At this point, I started to run into some performance issues on the simulator. The performance of a Verilated module is orders of magnitude faster than it would be with other simulators, but you can only go so far trying to simulate a highly-parallel circuit. My eight-year-old laptop couldn’t quite keep up, and the simulator ran at only 50% speed (30 FPS) by the time I was done with my PPU.
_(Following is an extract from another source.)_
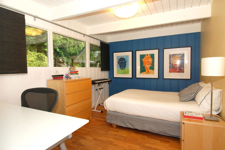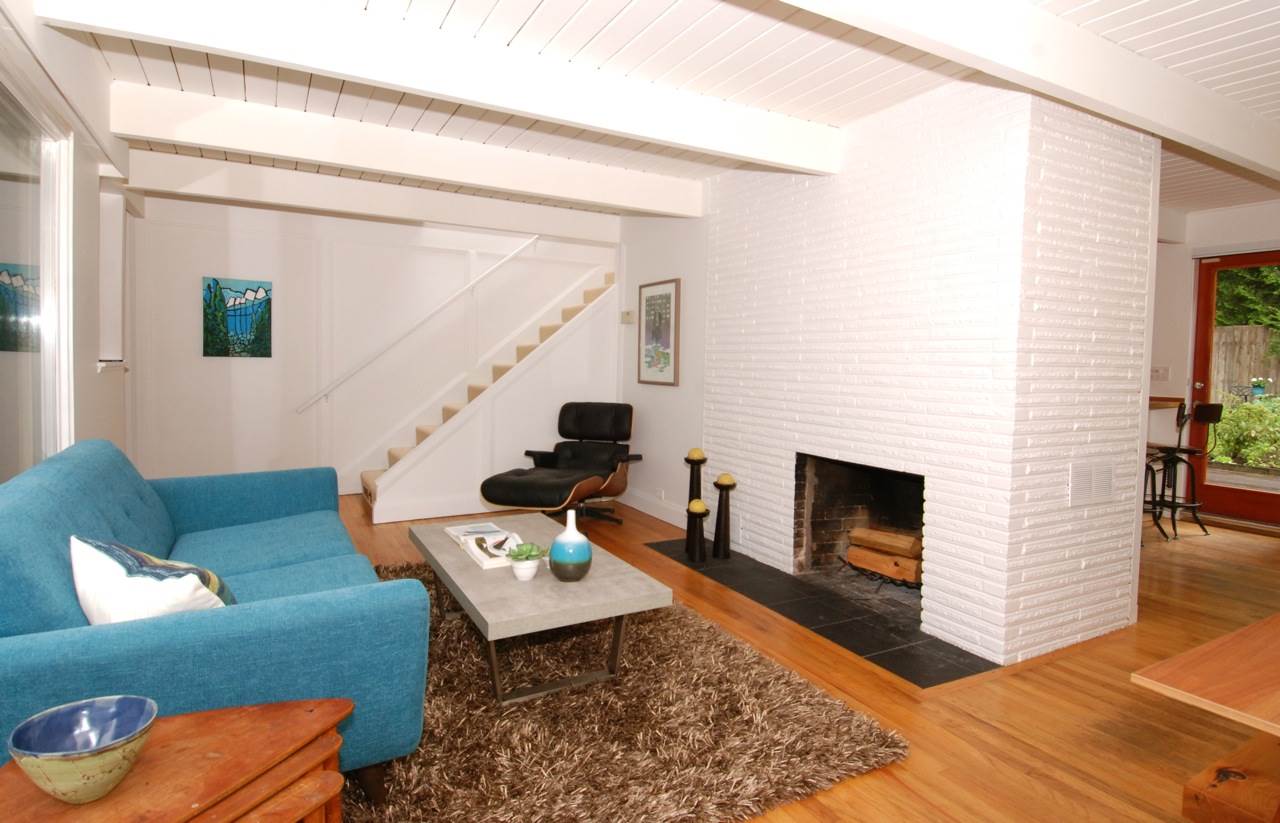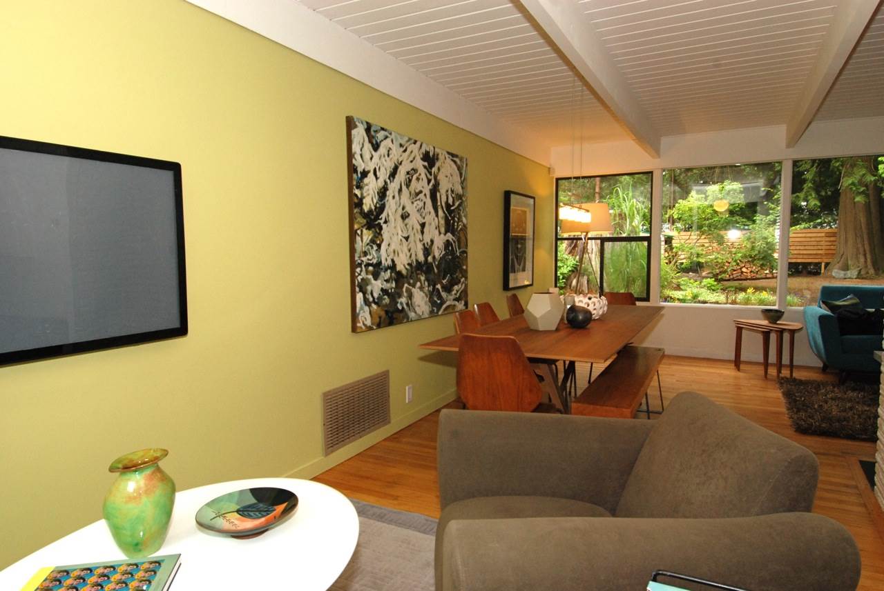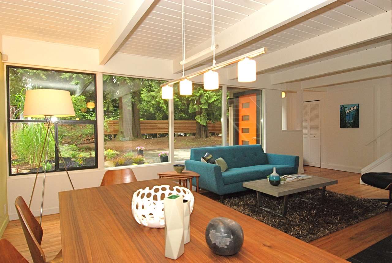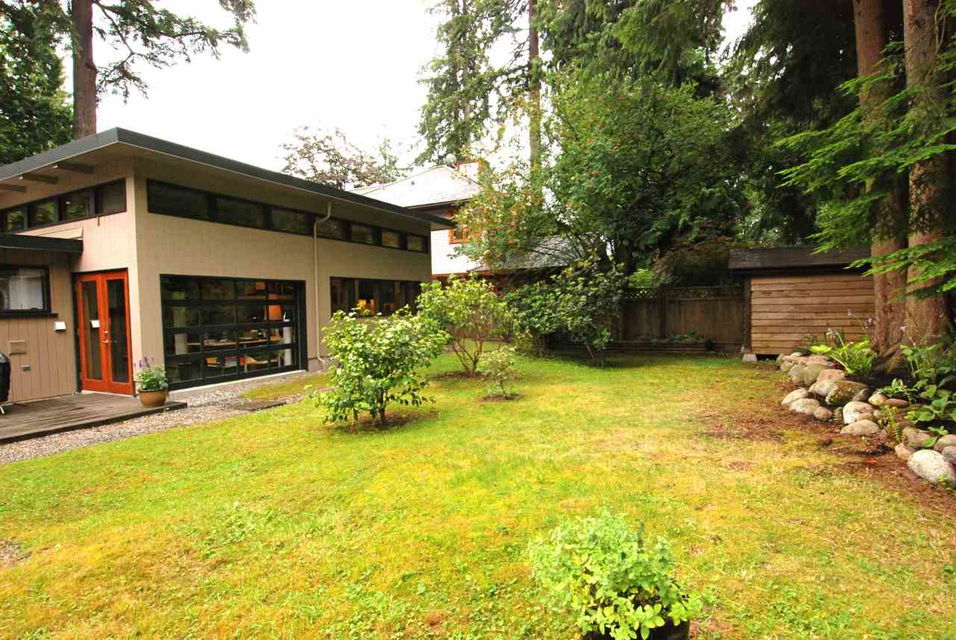 Nestled on a flat, 10,560 sq ft lot among huge cedars and Douglas Fir, this classic mid-century modern post and beam home offers oversized windows and skylights that bring the outdoors into every room. Living room has a wood-burning fireplace; open, entertaining-friendly kitchen/dining area has kitchen bar, Bosch gas stove, stainless appliances. 3 beds up and 1 on main floor. The unique, finished, insulated studio offers 900 sq ft column-free space with 12-foot ceilings, clerestory windows and polished concrete floor – a rec room for the imagination. Large outdoor wooden deck and extensive planted veg and flower garden. Moments to Capilano Canyon trails. Walk to Cleveland, Handsworth, Edgemont Village. 5 min drive to Grouse.

After I had graphics mostly complete, I implemented the joypad input peripheral. For the simulator, I fed keyboard input from SDL to the appropriate joypad input signals in my module. This allowed me to start navigating through game menus and find even more graphical bugs. Pretty soon, I was even able to play some games. I started with Tetris and Dr. Mario, which were early titles for the Game Boy. They didn’t make use of all of the functionality of the system, so they were more likely to work with less of the emulator implemented.

Waiting for a line piece

Waiting for a line piece

Implementing sound

Theoretically, I could have implemented sound before (or at the same time) as graphics. In practice, it’s helpful to be able to see what’s going on in the game and navigate menus. It’s also easier to debug what you see than what you hear, so sound can be kind of frustrating. A lot of hobbyists who implement emulators stop before implementing sound. In fact, for my first NES emulator, I didn’t implement any sound at all.

On the Game Boy, sound is produced by a component called the Audio Processing Unit (APU). If the PPU is a big state machine, the APU is best described as a bunch of interconnected counters. There are four separate audio channels that are all mixed together: two square wave channels, one arbitrary waveform (using “wave RAM”), and one “noise” channel. Again, for a detailed description, read Rodrigo Copetti’s article.

At this point, the performance issues of the simulator became very annoying. My framerate dropped to about 15 FPS. The human sensory system is much more sensitive to laggy/stuttering audio than video, and it became very hard to determine if my output was correct.

Stuttering audio in Metroid II

I ended up dealing with this by writing audio samples to a file as the simulator ran, and then playing them back afterwards at full speed.

Getting it running on the FPGA

Up until this point, I had been doing all of my development on the simulator. Once I had graphics and audio mostly working, I decided to work on getting my design built for and running on my FPGA.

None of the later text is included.